**Task requirements**
Extract every record, exactly as written, and ignore the pictures.

**Given records**
-=-=-=-=-

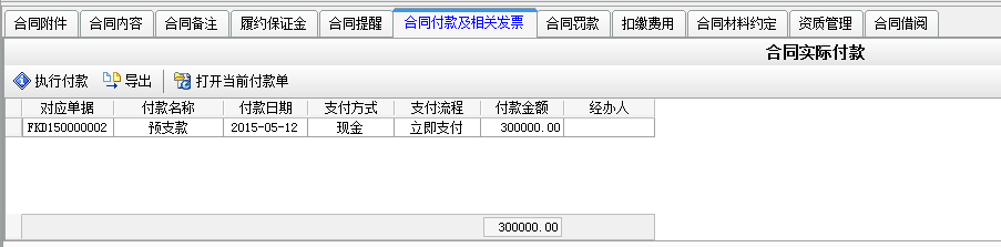 在合同付款及相關(guān)發(fā)票處點擊付款生成付款申請單,系統(tǒng)會自動提示你已有預付款。
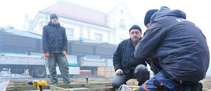 Od świtu gdyńska firma Ksjus montuje lodowisko na rynku w Jarocinie.
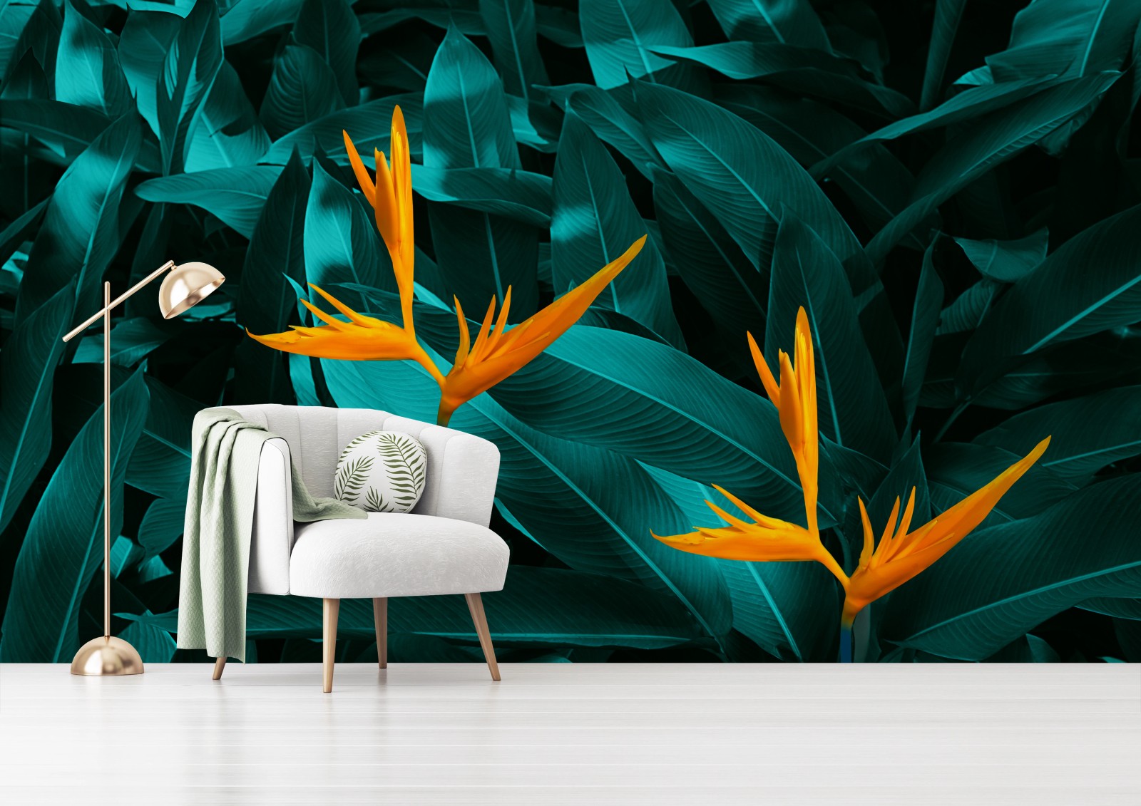 Fototapete Tropische strelitzie auf türkisfarbenen blättern
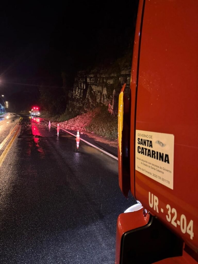 Na madrugada desta segunda-feira (22), os Bombeiros Voluntários de Ascurra–Apiúna–Rodeio foram acionados por volta da 1h53 para atender a uma ocorrência de queda de barreira no km 95 da BR-470, nas proximidades do posto fiscal, em Apiúna.
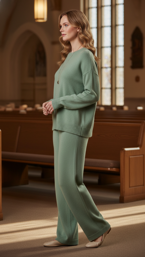 Matching knit sets comprising tops and bottoms in harmonious colors strike the perfect note between comfort and refinement, ideal for prolonged church attendance. These ensembles facilitate free movement while preserving a neat and cohesive appearance.
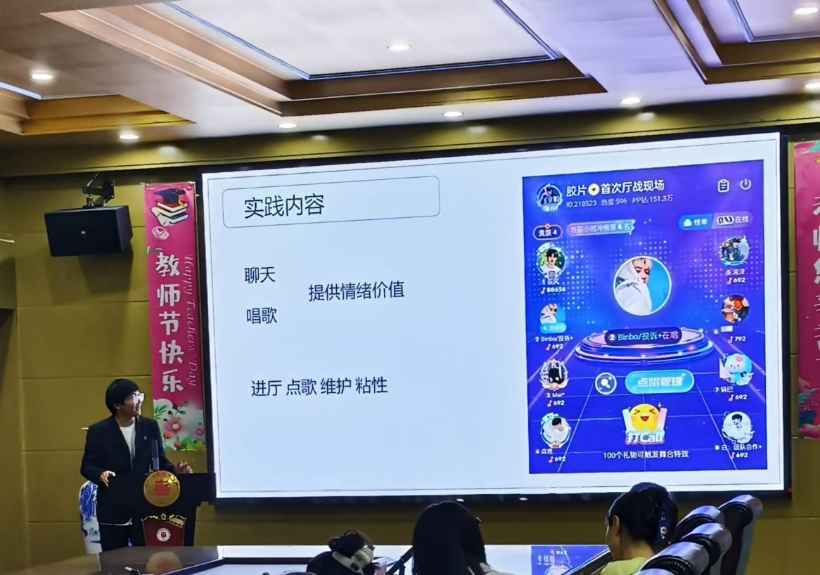 参赛选手罗焱风来自22级音乐表演(本)4班,他暑假利用互联网进行语音直播实践,在直播聊天和唱歌中锻炼自己的能力,同时吸取经验,提升自己的能力,也为网友们提供情绪价值。不仅提升自己的专业能力,更是强化了应对突发情况的处事能力。在新时代的青年应该有创新精神,不断探索新的思路和方法,推动科技进步和社会发展。选手通过这次社会实践,不仅在专业领域有所收获,还在人际交往和自我管理方面得到了显著提升。这次经历无疑为他未来的职业道路打下了坚实的基础。
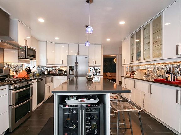 Extraordinary location ... Gold Coast, near the magnificent Hudson Waterfront NYC Skyline views. The perfect marriage of character and charm w/today's modern luxuries. Immensely appealing multi-family high-end designer upgrades, 2 open kitchens, 3 FBTHS, 5 BRMS, custom closets throughout including second level MBR walk-in-closet and impressive kitchen w/new SS appliances, grey stone counters, custom mirrored backsplash and access to private balcony. Italian marble fireplace, plenty of natural lighting and wood flooring throughout, crown moldings, perfectly landscaped w/small gardens and glorious deck great for outdoor entertaining. Full use basement w/full bath. Close distance to shopping, restaurants, w/easy access into NYC for those working in NYC. Quiet neighborhood, parking a breeze-1 car garage, 3 car driveway

-=-=-=-=-

**Solution for this task**
 在合同付款及相關(guān)發(fā)票處點擊付款生成付款申請單,系統(tǒng)會自動提示你已有預付款。
 Od świtu gdyńska firma Ksjus montuje lodowisko na rynku w Jarocinie.
 Fototapete Tropische strelitzie auf türkisfarbenen blättern
 Na madrugada desta segunda-feira (22), os Bombeiros Voluntários de Ascurra–Apiúna–Rodeio foram acionados por volta da 1h53 para atender a uma ocorrência de queda de barreira no km 95 da BR-470, nas proximidades do posto fiscal, em Apiúna.
 Matching knit sets comprising tops and bottoms in harmonious colors strike the perfect note between comfort and refinement, ideal for prolonged church attendance. These ensembles facilitate free movement while preserving a neat and cohesive appearance.
 参赛选手罗焱风来自22级音乐表演(本)4班,他暑假利用互联网进行语音直播实践,在直播聊天和唱歌中锻炼自己的能力,同时吸取经验,提升自己的能力,也为网友们提供情绪价值。不仅提升自己的专业能力,更是强化了应对突发情况的处事能力。在新时代的青年应该有创新精神,不断探索新的思路和方法,推动科技进步和社会发展。选手通过这次社会实践,不仅在专业领域有所收获,还在人际交往和自我管理方面得到了显著提升。这次经历无疑为他未来的职业道路打下了坚实的基础。
 Extraordinary location ... Gold Coast, near the magnificent Hudson Waterfront NYC Skyline views. The perfect marriage of character and charm w/today's modern luxuries. Immensely appealing multi-family high-end designer upgrades, 2 open kitchens, 3 FBTHS, 5 BRMS, custom closets throughout including second level MBR walk-in-closet and impressive kitchen w/new SS appliances, grey stone counters, custom mirrored backsplash and access to private balcony. Italian marble fireplace, plenty of natural lighting and wood flooring throughout, crown moldings, perfectly landscaped w/small gardens and glorious deck great for outdoor entertaining. Full use basement w/full bath. Close distance to shopping, restaurants, w/easy access into NYC for those working in NYC. Quiet neighborhood, parking a breeze-1 car garage, 3 car driveway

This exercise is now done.